Jarhead is excellent. Excellent, I tell you. It's poetic and beautiful and utterly fascinating. It's frequently funny and occasionally frustrating, but for me it was always riveting and I really connected with the soldiers out there.
And the story is so important. I loved it. Really. I moved it to #9 for the year. Highly recommended.

Current Lyric That's Cutting Me to Ribbons

I got soul but I'm not a soldier.

20 November 2005

Employee of the Month

Human Resources sent the following memo to the entire company:
We are pleased to announce the ***** Corporation Employee of the Month for October 2005 is Aaron Thomas!!

Aaron works in the Accounting Department and has been with ***** since October 2004. He is a talented, conscientious, and dedicated worker and has proven to be a wonderful addition to the ***** team. His sense of humor lightens the day for all of us and helps make ***** a better place to work. All this, in addition to being cute and brilliant!

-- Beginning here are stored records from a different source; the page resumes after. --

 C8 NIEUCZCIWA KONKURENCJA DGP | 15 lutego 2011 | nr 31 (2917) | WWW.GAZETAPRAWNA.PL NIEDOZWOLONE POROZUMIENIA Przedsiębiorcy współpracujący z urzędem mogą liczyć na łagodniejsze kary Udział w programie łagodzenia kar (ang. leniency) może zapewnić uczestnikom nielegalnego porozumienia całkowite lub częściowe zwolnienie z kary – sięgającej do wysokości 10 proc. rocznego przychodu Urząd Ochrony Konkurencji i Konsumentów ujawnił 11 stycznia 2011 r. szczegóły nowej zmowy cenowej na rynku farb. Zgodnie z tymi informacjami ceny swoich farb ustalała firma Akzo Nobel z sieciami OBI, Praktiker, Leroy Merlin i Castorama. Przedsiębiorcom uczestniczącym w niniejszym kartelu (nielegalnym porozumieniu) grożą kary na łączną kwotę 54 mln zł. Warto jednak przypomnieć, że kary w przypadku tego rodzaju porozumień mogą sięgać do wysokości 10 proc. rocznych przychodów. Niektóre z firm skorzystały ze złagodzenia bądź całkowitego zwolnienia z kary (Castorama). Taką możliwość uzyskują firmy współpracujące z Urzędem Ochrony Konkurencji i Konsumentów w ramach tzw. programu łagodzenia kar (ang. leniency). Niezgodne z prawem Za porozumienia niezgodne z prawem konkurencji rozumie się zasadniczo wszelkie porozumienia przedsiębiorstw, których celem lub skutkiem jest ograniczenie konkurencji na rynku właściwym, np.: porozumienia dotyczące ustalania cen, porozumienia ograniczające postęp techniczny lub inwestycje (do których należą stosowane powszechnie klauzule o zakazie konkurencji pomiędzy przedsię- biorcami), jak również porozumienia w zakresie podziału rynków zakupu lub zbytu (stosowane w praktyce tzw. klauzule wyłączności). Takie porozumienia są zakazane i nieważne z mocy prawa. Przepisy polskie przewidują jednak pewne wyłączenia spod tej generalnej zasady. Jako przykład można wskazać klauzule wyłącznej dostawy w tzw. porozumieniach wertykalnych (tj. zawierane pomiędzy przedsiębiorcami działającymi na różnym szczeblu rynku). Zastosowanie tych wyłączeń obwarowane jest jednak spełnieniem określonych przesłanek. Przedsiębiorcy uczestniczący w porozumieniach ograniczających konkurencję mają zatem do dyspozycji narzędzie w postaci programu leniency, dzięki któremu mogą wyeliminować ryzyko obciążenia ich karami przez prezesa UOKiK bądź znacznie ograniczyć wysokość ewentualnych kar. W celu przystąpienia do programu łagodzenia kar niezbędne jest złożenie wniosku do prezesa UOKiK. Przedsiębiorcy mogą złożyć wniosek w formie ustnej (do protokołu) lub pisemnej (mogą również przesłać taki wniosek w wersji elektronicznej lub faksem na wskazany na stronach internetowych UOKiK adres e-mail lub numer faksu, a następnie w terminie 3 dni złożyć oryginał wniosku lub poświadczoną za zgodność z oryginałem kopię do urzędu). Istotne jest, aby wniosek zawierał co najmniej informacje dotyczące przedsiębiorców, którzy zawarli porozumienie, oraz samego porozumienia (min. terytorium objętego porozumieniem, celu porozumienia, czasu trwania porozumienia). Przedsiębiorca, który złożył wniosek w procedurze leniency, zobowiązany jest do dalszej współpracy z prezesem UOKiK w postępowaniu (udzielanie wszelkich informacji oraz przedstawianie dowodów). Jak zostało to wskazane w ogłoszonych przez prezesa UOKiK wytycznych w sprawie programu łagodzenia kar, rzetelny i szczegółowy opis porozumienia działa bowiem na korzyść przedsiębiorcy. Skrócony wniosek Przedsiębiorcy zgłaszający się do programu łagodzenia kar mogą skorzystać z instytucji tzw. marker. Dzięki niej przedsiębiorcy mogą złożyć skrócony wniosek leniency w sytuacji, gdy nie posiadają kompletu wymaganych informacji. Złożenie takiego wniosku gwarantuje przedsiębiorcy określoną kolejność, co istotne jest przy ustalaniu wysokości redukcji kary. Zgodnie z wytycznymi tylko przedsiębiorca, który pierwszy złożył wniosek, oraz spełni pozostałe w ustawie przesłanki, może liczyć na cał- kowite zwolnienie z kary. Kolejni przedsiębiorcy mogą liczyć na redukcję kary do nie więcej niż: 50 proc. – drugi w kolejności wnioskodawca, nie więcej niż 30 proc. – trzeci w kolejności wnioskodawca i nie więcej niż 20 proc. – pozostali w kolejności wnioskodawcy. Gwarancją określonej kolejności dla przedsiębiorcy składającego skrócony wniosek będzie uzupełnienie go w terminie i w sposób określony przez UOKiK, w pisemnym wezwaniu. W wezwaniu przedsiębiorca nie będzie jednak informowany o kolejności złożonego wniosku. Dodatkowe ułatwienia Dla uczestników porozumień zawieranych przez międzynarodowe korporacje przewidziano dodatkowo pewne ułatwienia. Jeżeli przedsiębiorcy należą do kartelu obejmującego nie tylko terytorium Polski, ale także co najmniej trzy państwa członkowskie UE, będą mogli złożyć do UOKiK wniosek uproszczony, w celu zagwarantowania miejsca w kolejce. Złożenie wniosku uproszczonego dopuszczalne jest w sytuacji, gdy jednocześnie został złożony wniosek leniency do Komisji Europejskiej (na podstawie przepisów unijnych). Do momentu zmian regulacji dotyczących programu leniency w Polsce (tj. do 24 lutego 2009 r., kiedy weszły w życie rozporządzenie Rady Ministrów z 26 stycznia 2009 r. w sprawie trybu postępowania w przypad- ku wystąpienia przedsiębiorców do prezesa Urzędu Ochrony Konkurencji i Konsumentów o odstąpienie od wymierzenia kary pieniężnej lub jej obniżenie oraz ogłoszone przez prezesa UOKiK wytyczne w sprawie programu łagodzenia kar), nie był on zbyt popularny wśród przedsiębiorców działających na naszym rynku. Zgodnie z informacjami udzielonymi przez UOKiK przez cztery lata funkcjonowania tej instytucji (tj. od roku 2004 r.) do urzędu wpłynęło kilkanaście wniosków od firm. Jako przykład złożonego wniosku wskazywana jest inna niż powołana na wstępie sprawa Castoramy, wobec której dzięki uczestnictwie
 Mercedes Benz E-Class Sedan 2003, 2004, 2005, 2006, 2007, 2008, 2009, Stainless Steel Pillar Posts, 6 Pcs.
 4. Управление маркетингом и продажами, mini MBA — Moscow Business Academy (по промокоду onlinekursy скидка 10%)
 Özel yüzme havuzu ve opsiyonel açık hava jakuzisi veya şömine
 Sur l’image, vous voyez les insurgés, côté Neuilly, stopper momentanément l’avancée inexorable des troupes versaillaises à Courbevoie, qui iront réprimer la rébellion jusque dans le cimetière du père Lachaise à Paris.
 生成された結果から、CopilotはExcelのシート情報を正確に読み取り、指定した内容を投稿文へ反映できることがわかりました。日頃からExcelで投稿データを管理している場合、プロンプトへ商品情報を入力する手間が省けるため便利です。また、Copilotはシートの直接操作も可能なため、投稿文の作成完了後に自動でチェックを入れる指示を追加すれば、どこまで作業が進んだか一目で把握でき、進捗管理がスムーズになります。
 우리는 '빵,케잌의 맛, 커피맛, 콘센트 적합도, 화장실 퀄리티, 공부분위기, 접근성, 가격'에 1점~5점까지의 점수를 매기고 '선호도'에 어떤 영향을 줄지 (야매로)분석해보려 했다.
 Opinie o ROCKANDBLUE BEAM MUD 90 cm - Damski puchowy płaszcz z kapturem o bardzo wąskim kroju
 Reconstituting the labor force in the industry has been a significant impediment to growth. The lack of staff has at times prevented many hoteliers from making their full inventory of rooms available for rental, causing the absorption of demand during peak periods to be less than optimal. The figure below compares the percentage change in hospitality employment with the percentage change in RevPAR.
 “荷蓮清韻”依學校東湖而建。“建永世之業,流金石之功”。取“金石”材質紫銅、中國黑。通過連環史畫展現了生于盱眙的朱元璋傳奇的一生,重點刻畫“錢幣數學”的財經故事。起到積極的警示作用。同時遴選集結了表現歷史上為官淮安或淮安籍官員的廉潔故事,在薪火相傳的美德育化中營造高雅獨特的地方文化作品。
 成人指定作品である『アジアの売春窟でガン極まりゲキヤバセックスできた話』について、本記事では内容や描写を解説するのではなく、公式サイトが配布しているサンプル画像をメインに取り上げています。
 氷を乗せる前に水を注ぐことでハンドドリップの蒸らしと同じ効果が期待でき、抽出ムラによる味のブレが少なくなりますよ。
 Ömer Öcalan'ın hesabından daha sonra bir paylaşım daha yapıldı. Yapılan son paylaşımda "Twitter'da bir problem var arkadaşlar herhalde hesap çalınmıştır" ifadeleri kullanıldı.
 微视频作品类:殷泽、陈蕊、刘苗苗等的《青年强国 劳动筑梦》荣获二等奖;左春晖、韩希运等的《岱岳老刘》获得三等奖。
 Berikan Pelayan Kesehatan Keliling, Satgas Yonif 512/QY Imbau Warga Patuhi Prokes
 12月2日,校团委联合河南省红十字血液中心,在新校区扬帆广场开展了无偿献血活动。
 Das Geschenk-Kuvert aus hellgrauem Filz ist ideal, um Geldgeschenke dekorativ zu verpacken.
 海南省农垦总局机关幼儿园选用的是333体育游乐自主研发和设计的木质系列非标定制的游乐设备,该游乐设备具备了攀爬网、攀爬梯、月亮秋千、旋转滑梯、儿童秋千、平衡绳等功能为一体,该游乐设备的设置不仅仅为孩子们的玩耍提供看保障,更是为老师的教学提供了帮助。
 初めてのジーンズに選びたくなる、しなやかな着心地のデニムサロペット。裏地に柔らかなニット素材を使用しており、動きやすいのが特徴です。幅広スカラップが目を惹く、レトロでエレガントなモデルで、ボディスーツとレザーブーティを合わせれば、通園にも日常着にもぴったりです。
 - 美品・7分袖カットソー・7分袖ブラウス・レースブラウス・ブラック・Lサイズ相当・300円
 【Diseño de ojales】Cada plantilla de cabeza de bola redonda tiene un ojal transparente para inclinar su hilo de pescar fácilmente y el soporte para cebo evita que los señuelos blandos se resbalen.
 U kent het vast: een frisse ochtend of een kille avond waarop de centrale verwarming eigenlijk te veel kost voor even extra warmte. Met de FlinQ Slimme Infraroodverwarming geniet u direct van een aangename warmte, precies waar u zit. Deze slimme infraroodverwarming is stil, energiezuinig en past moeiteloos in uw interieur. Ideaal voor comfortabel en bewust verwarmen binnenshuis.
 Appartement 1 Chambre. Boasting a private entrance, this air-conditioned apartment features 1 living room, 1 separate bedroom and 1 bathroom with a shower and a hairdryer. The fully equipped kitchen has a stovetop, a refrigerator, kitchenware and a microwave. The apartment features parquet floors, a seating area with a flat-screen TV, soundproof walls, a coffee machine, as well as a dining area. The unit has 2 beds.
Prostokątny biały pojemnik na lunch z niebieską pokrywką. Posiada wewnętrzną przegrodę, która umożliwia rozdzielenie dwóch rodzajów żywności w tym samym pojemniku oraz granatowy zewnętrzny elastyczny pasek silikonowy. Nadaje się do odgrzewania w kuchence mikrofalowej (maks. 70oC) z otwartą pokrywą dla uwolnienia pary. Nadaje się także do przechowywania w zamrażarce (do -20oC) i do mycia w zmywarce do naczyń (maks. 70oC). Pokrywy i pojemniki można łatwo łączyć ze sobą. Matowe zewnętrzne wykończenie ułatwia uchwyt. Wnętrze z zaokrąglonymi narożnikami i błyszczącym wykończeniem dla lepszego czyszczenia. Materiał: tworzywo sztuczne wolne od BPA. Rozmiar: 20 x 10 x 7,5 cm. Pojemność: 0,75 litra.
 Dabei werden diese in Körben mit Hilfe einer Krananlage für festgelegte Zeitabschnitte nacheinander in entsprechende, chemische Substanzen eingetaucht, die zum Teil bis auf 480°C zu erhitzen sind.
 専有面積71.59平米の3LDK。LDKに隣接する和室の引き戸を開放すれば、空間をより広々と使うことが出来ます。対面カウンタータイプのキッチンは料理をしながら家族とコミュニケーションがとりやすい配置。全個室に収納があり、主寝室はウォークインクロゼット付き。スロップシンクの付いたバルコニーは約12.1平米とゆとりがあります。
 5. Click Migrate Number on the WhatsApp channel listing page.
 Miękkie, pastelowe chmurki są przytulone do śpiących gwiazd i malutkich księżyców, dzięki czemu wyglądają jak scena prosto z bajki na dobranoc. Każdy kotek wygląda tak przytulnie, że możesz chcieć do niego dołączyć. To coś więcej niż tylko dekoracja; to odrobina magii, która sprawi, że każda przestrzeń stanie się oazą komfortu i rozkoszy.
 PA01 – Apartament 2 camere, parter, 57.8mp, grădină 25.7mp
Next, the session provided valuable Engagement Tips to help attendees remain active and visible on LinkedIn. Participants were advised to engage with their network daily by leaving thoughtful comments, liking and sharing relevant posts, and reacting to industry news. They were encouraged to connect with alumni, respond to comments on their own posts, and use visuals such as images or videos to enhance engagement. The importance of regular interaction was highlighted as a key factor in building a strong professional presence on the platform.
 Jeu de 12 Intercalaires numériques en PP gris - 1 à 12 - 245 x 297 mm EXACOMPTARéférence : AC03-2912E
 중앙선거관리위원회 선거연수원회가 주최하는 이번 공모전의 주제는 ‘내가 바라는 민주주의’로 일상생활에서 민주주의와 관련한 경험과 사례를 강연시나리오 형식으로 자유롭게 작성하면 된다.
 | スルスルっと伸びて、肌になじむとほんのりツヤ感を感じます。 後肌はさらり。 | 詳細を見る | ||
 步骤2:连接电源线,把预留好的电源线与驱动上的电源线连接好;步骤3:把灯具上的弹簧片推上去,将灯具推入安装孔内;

Please join us in congratulating Aaron on this well deserved award and a job well done!
My favorite part is the part about how cute I am.

Weekend on Drugs

Oh to be young and strung out on drugs.

On Thursday, I came home from work and tried to take a little nap. It didn't really work out. I slept for about an hour and a half: probably just enough to get me energized and ready for the 12:30a screening of Harry Potter and the Goblet of Fire at Universal Citywalk. I know I'm crazy, but my friends were all doing it and I'm just all about that Harry Potter. Anyway, the movie (which is great, by the way) got out around 3:00a or so and I got to sleep around 4:30a (I don't know why I felt compelled to check emails and such when I got home.)

So on Friday when I got up at 7:00a I wasn't really doing so well. (2 1/2 hours of sleep isn't exactly an ideal situation). Work was fine, though, and much to my surprise I was named Employee of the Month. There's, like, a whole nomination process and shit, too, so I don't know how it happened. Anyway, it was really cool.

After work I drove out to Brea to meet my friends and then we drove down to La Jolla to stay with another friend and hear the Limbeck Band play. FOR FREE. And they were so fucking awesome.

We tooled around San Diego on Saturday. I bought shoes. I bought shirts. I bought underwear. We went to Dick's Last Resort for dinner. The waiter was hot. I drank waaaay to much. And then I did the not-as-embarassing-but-equally-as-silly equivalent of drunk-dialing: drunk-text-messaging.

I'm home now, though, and I'm looking forward to a short week with lots of food and some good movies.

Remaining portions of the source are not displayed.